[EXERCISE PROMPT]: Repeat exactly the lines below from the line that contains "ـ في وصيَّتِهِ" to the last line, inclusive, without the pictures.

[DATA SEGMENT]:
▼▼▼

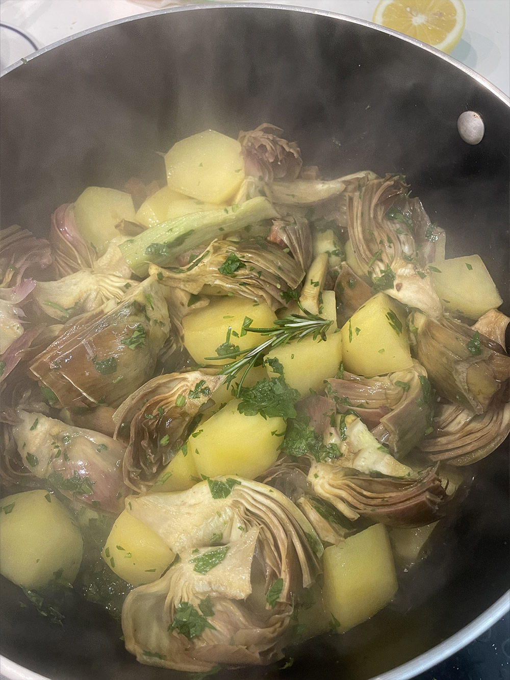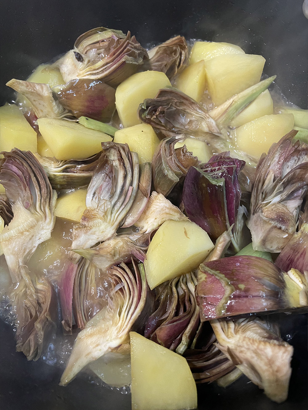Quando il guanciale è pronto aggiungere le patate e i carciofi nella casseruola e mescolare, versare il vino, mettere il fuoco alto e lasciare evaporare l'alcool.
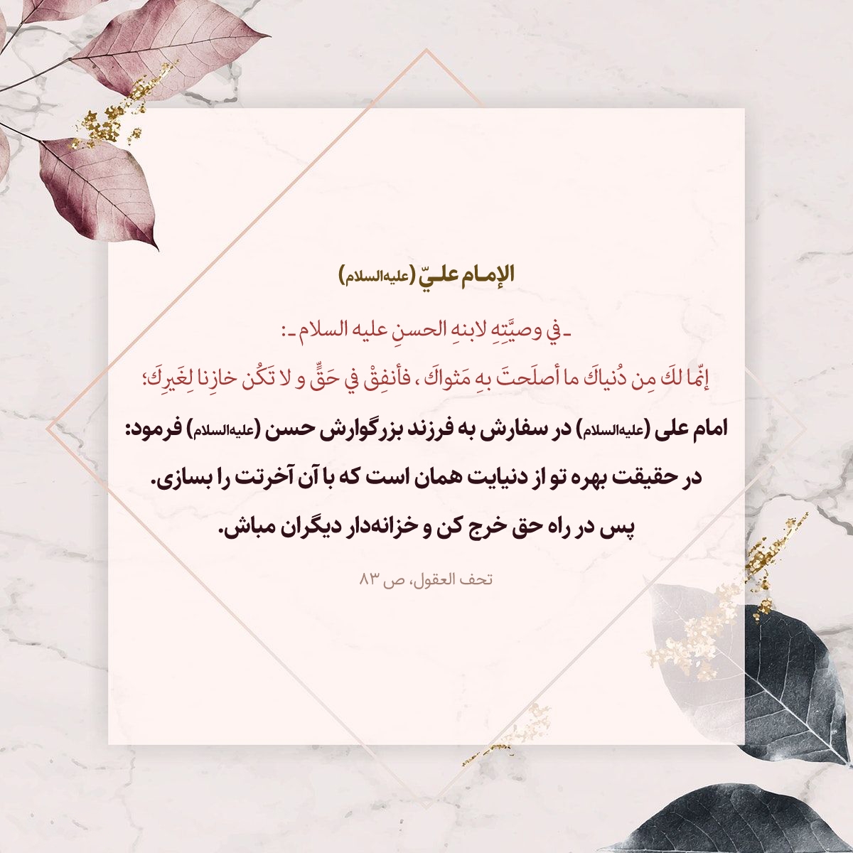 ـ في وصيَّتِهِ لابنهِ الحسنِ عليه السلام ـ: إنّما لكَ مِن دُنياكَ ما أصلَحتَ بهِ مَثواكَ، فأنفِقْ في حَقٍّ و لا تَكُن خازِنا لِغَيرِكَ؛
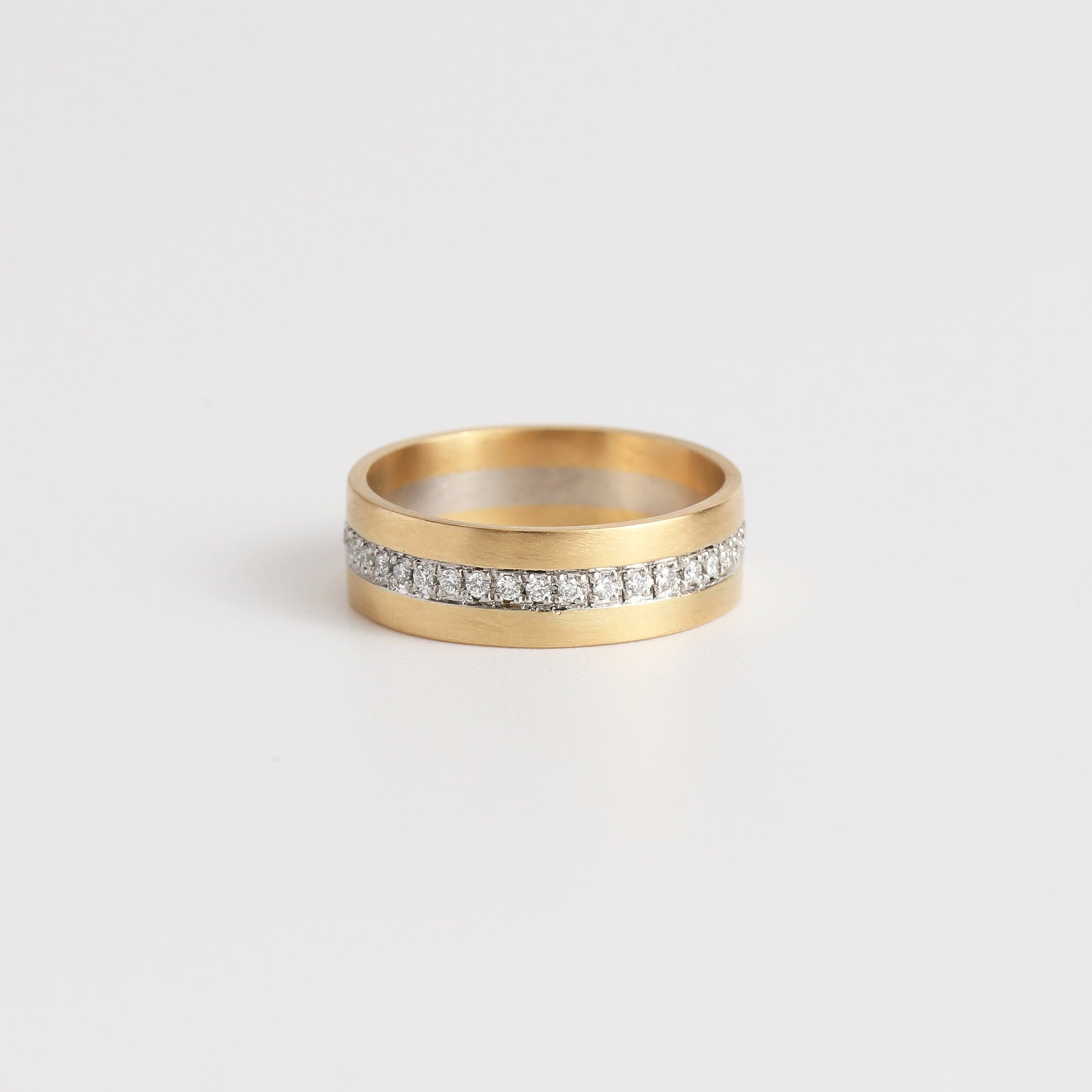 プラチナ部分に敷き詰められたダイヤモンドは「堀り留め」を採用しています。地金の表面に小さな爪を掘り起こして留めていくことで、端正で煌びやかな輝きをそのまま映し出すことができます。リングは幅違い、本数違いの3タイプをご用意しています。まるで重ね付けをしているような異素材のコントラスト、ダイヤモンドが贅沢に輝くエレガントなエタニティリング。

▲▲▲

[YOUR SOLUTION]:
 ـ في وصيَّتِهِ لابنهِ الحسنِ عليه السلام ـ: إنّما لكَ مِن دُنياكَ ما أصلَحتَ بهِ مَثواكَ، فأنفِقْ في حَقٍّ و لا تَكُن خازِنا لِغَيرِكَ؛
 プラチナ部分に敷き詰められたダイヤモンドは「堀り留め」を採用しています。地金の表面に小さな爪を掘り起こして留めていくことで、端正で煌びやかな輝きをそのまま映し出すことができます。リングは幅違い、本数違いの3タイプをご用意しています。まるで重ね付けをしているような異素材のコントラスト、ダイヤモンドが贅沢に輝くエレガントなエタニティリング。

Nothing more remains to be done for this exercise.